One hundred duck-sized horses

Would you rather fight 100 duck-sized horses or one horse-sized duck?

I’ve recently been trying the capabilities of DuckDB to drive visualisations. There’s something quite astounding about writing SQL in client-side Javascript. My current platform of choice is Svelte. I’ve come up with some patterns on using Duck within a Svelte app — to be written up another day.

Suffice it to say that the official DuckDB WASM client setup guide is a great start. The basic pattern is to prepare parquet files with the data, and query those via DuckDB in the following format:

SELECT
  strftime(date, '%x') AS date,
  value
FROM ‘data.parquet’
WHERE code == ‘The Code’
ORDER BY date;

The only pre-requisite is that the parquet files need to be registered when the database connection is made:

await db.registerFileURL(
  'data.parquet',
  'data.parquet',
  DuckDBDataProtocol.HTTP,
  false
);

So far, so good, but if the parquet files are large, it'd be nice to take advantage of partitioning to avoid shipping the entire file to the browser. It's pretty easy to create a partitioned file using libraries such as pandas:

df.to_parquet(path='data/', partition_cols=['variable'])

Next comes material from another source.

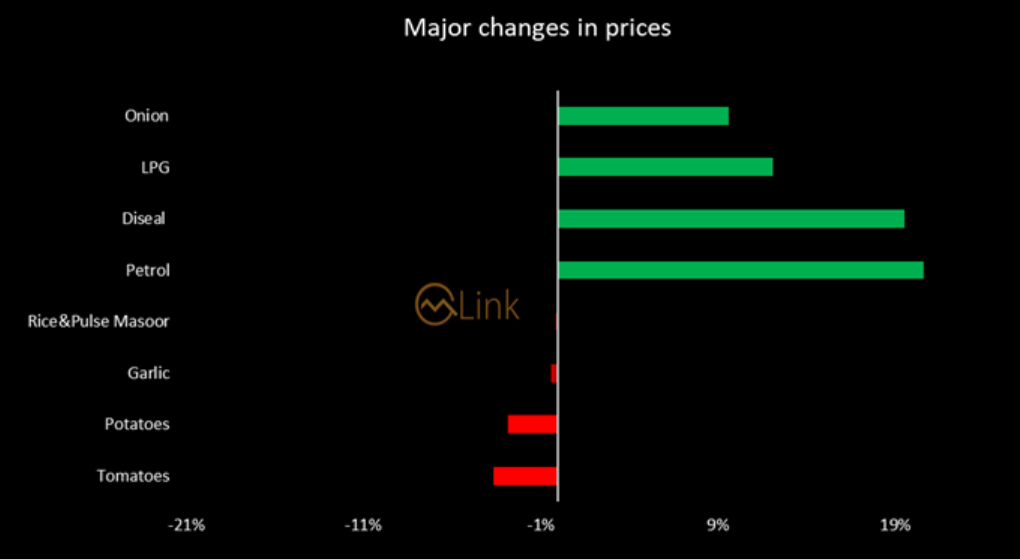 However, major decrease is observed in the prices of Potatoes (51.92%), Chicken (25.92%), Eggs (23.76%), Tomatoes (23.02%), Pulse Gram (19.76%), Garlic (18.25%), Salt Powder (12.52%) and Sugar (12.02%).

We now have a dataset partitioned by variable name, and can in theory write queries as follows:

SELECT
  strftime(date, '%x') AS date,
  value
FROM ‘data/**/*.parquet’
WHERE code == ‘The Code’
ORDER BY date;

The slight wrinkle is that you still need to register each file as before. It appears that the DuckDB registerFileURL doesn't support wildcards, so each file has to be registered independently. Having discovered, this, I decided that a manifest file would be a sensible way of dealing with the potentially very large number of files that needed to be registered. A simple way to create this is using shell commands and jq.

find data/ -type f |\
  jq --raw-input --slurp 'split("\n")' > manifest.json

I then register each parquet file in the JSON array as follows:

await Promise.all(
  manifest.map(p => db.registerFileURL(p, p, DuckDBDataProtocol.HTTP, false))
);

Here were the rough results for a simple test database that I set up. This is running on my local network, so the impact on a slower network would be greater. The whole database is 2.5 MB in a parquet file, which is already a massive saving from the source 18 MB CSV file. It's worth noting that the subsequent calls were much faster.

MeasurementMonolithic parquetPartitioned parquet
Network transfers11 requests6 requests
Network payload3.6 MB81.3 kB
Time for first query659 ms278 ms
For next query~100 ms~20 ms

Limitations I ran into, each of which could do with a bit more digging...

  1. It seems that at least the libraries that I was using don't allow more than 1024 partitions to be created.
  2. I tried using Brotli compression, but the DuckDB WASM library didn't seem to like it.
  3. I sometimes / within some build systems, had to perform some manipulation of the url to prefix with the server URL.